Saturday, July 7, 2012

Summer Squash Pizza Crust

INGREDIENTS:
4 cups finely shredded zucchini and yellow summer squash
3/4 cup all-purpose flour
3/4 cup grated Parmesan cheese
1/2 cup shredded mozzarella cheese
2 eggs, beaten
1/2 teaspoon black pepper
salt to taste

DIRECTIONS:
1.  Preheat oven to 350 degrees F.
2.  Shred zucchini and summer squash.  Lightly salt and transfer to a strainer.  Let stand 15 to 30 minutes and press all remaining liquid out of squash.
3.  In a medium-sized mixing bowl, combine squash, flour, cheeses, eggs, pepper and salt.  Mix well.
4.  Spread the mixture into a greased and floured jelly roll pan.  Back for 25 minutes in the oven.
5.  Remove the crust from the oven and change the oven's temperature to broil.  Brush the top of the crust with oil, and then broil the crust for 3 to 5 minutes until the top is lightly browned.
6.  Allow the crust to cool slightly and slide spatula underneath all edges and under the middle.  Place a large baking sheet over the top of the crust and gently flip the crust over so that the bottom of the crust is now facing upwards.  Because it can be difficult to flip the crust smoothly, it may be necessary to cut the crust in half to facilitate the flipping of the crust.
7.  Brush the top of the crust with oil and broil for another 3 to 5 minutes until the top is browned.
8.  Use your favorite pizza sauce and top the pizza with your favorite toppings and cheese. Broil until the cheese is melted. 

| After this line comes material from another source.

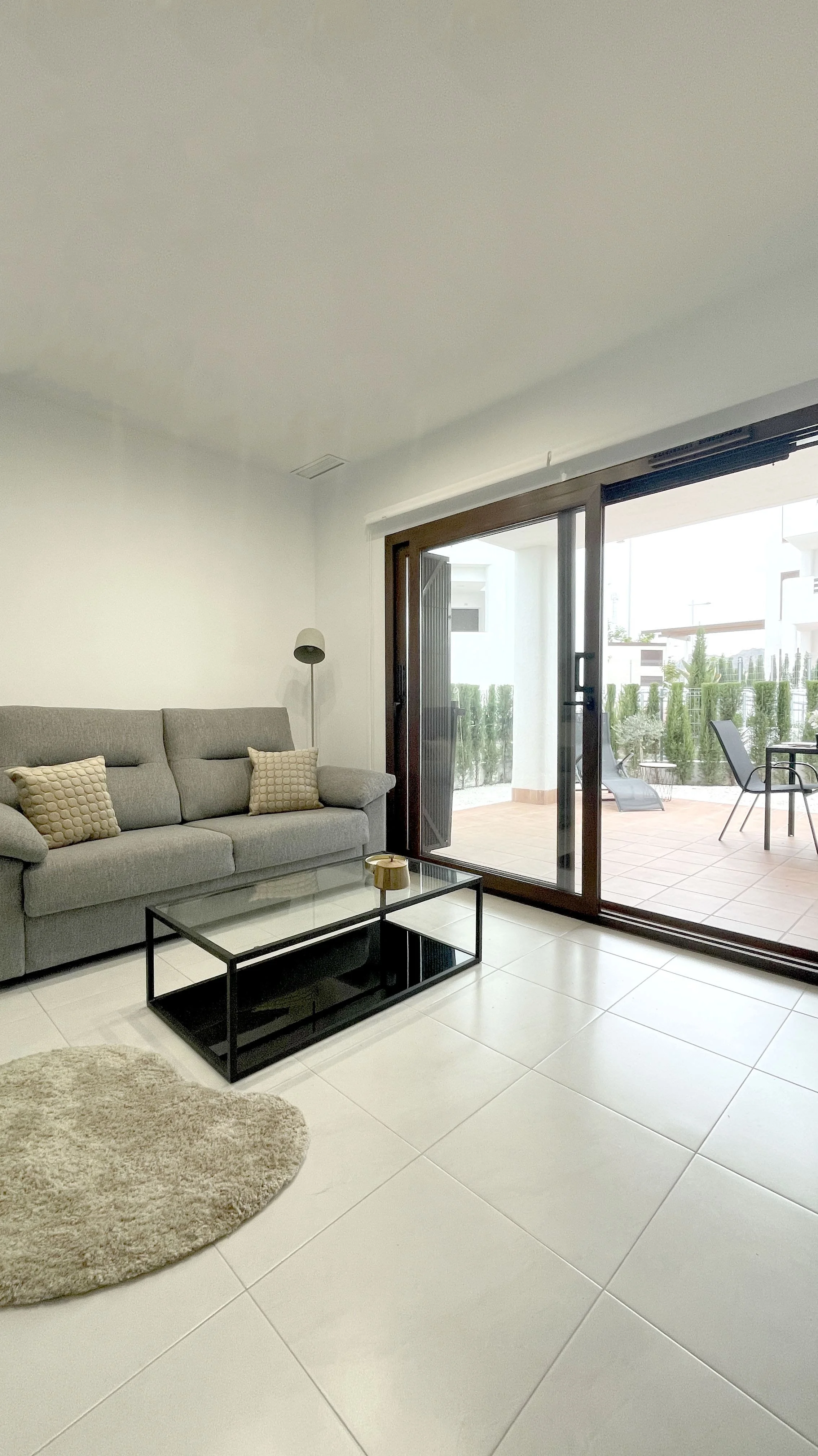 The apartment is fully equipped and can accommodate up to four people thanks to the double sofa bed in the living room. Sliding doors open onto the terrace with a dining area, sitting area and sun lounger. Beautiful walkways lined with palm trees, exotic flowers and greenery will take you to the communal swimming pools, jacuzzis and playgrounds in just a few steps. Sunbeds and parasols are provided around the pools. Everything for a relaxing and, above all, unforgettable stay on the beautiful Spanish coast.
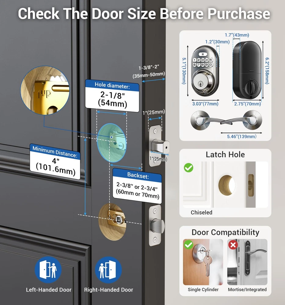 Keyless Entry: Stores twenty permanent PIN codes, retains backup keys, and generates a -time code for guests that automatically deletes after use Quick Locking: Set the door lock to automatically lock within 10-99 seconds. Press any key for seconds to instantly lock from outside Keypad Door Lock with Handle: Features a deadbolt with matching lever handles, backlit keypad, low battery alerts, silent mode, and vacation mode. Waterproof design complements traditional and modern homes Long-Lasting Home Protection: ANSI 3 certified construction with sturdy alloy materials. Powered by four AA batteries (more than year operation in all weather conditions) Easy Installation: Install and program within minutes using a screwdriver. with standard US left and right-opening doors offers at least a 1-year product , online support from Monday to Friday, 9 AM to 5 PM PST, and 24/7 after-sales service

Some things I have learned in my attempts to make this.

1.  It is very difficult to get all the liquid out of the squash. You may want to press between paper towels in addition to pressing through a strainer. It is important to get out as much as possible.
2.  Non-Stick Reynolds Aluminum foil is a MUST!  I did this for the first time and it eliminates most, if not all, of the frustration of trying to flip it. 
3.  All of the ingredients make a wonderful crust but if you don't have both cheeses don't worry. I have made it without either of the parmesan or mozzarella in the crust and it was still very good.
4.  Don't expect this to be a "pick up and eat" type of pizza.  Forks may be necessary.
5.  You can also make smaller sized pizzas to aid in getting them crisper.
6.  You may have to broil it longer than the recipes calls.  I like to try and get it as crispy as possible without burning it.  It really never does get close to crispy.


These are the ingredients
 Here is the crust when you press it into the pan
I don't have an after picture because my son, his girlfriend, and my granddaughter were here and dug in before I could even grab my camera.  Needless to say, there were no leftovers.